Людвиг Рубинер предложил взорвать бомбой Железного Гинденбурга, который стоял в Зигесалле, весь обитый гвоздями — по марке за гвоздь. Этот поступок неизбежно вызовет революцию в Германии. Оба взволнованно обсуждали, кто из них должен провезти бомбу в Берлин и устроить взрыв. Идея сильно увлекла обоих, но дальше идеи дело не пошло.
Вышла из печати книга «Человек добр». Она вызвала большой интерес в Швейцарии, и вскоре появился десяток переводов. Но в Германию книгу не пропустили. Не прорвалось даже несколько экземпляров, отправленных почтой. Михаэль не знал, что и делать, — ведь он написал книгу именно против германского милитаризма.
Как-то ночью, уже в полусне, он вдруг вспомнил одного из своих почитателей — профессора Н., который работал в отделе пропаганды министерства иностранных дел Германии. Михаэль письменно запросил профессора, нельзя ли послать ему несколько экземпляров книги и список адресатов. Наивный мечтатель, очевидно даже и не подозревавший, какой опасности он подвергается, в благодарственном письме ответил полным согласием.

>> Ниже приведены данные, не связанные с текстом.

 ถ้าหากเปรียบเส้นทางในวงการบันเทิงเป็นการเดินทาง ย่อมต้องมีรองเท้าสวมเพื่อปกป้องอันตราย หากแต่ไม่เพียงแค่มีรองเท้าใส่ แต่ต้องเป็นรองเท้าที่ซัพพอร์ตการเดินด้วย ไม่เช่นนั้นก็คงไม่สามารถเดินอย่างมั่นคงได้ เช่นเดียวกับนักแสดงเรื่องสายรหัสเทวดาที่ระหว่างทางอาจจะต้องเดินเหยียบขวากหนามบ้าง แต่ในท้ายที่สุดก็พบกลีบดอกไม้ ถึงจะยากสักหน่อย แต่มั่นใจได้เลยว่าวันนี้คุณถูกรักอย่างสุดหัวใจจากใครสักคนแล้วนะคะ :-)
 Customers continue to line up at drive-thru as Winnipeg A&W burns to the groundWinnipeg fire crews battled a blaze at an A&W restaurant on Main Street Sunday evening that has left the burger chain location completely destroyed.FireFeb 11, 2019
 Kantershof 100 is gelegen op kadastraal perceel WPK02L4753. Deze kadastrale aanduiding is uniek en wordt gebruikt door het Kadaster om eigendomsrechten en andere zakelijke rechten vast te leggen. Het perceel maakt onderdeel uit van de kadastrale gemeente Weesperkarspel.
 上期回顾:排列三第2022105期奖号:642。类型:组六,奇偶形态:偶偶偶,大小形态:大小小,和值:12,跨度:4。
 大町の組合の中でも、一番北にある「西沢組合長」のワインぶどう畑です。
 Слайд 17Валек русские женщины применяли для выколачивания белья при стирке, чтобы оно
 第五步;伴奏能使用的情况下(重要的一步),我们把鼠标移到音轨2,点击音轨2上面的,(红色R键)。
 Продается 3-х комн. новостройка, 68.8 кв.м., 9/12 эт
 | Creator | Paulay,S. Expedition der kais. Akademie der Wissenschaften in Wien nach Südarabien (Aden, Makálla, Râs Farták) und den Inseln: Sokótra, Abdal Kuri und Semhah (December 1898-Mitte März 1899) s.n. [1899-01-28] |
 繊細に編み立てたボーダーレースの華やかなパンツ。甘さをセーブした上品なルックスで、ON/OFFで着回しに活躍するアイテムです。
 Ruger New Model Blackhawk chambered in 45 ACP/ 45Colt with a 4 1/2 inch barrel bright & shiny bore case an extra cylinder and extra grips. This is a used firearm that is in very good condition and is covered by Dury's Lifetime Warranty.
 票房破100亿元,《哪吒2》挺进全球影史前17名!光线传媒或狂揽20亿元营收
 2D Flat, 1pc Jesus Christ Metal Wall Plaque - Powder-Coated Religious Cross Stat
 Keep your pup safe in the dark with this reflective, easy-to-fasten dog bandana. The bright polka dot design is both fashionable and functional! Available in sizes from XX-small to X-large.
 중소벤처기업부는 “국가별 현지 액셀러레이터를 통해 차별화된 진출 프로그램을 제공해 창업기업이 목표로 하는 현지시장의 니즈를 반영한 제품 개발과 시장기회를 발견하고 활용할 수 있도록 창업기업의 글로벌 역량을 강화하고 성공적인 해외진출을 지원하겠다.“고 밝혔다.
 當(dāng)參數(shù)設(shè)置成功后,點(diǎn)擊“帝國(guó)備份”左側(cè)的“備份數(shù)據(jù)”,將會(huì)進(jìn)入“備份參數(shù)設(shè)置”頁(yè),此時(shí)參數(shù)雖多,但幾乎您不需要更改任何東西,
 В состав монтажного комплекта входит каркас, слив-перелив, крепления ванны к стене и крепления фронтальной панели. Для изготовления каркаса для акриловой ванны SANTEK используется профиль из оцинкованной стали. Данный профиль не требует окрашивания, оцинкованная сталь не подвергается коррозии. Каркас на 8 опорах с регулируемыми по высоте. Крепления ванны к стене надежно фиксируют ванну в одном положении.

После долгих поисков Михаэль нашел в Старом городе переплетчика, у которого завалялись целые кипы лишних переплетов от швейцарского свода законов и от книги «Путь через пустыню». На обложке последней был изображен верблюд и на нем — бедуин в белом бурнусе; залитые лучами заходящего солнца, они ехали на Запад. Михаэль купил на полученный им гонорар тысячу экземпляров своей книги, велел переплести их в эти безобидные обложки и отправил три огромных ящика в Берлин, в министерство иностранных дел, профессору Н.
Когда от профессора Н. пришло письмо, где он сообщал, что ящики получены и книги разосланы лицам, указанным в списке, Михаэль был ошеломлен, как всякий человек, который неожиданно благодаря счастливому стечению обстоятельств добился своей цели.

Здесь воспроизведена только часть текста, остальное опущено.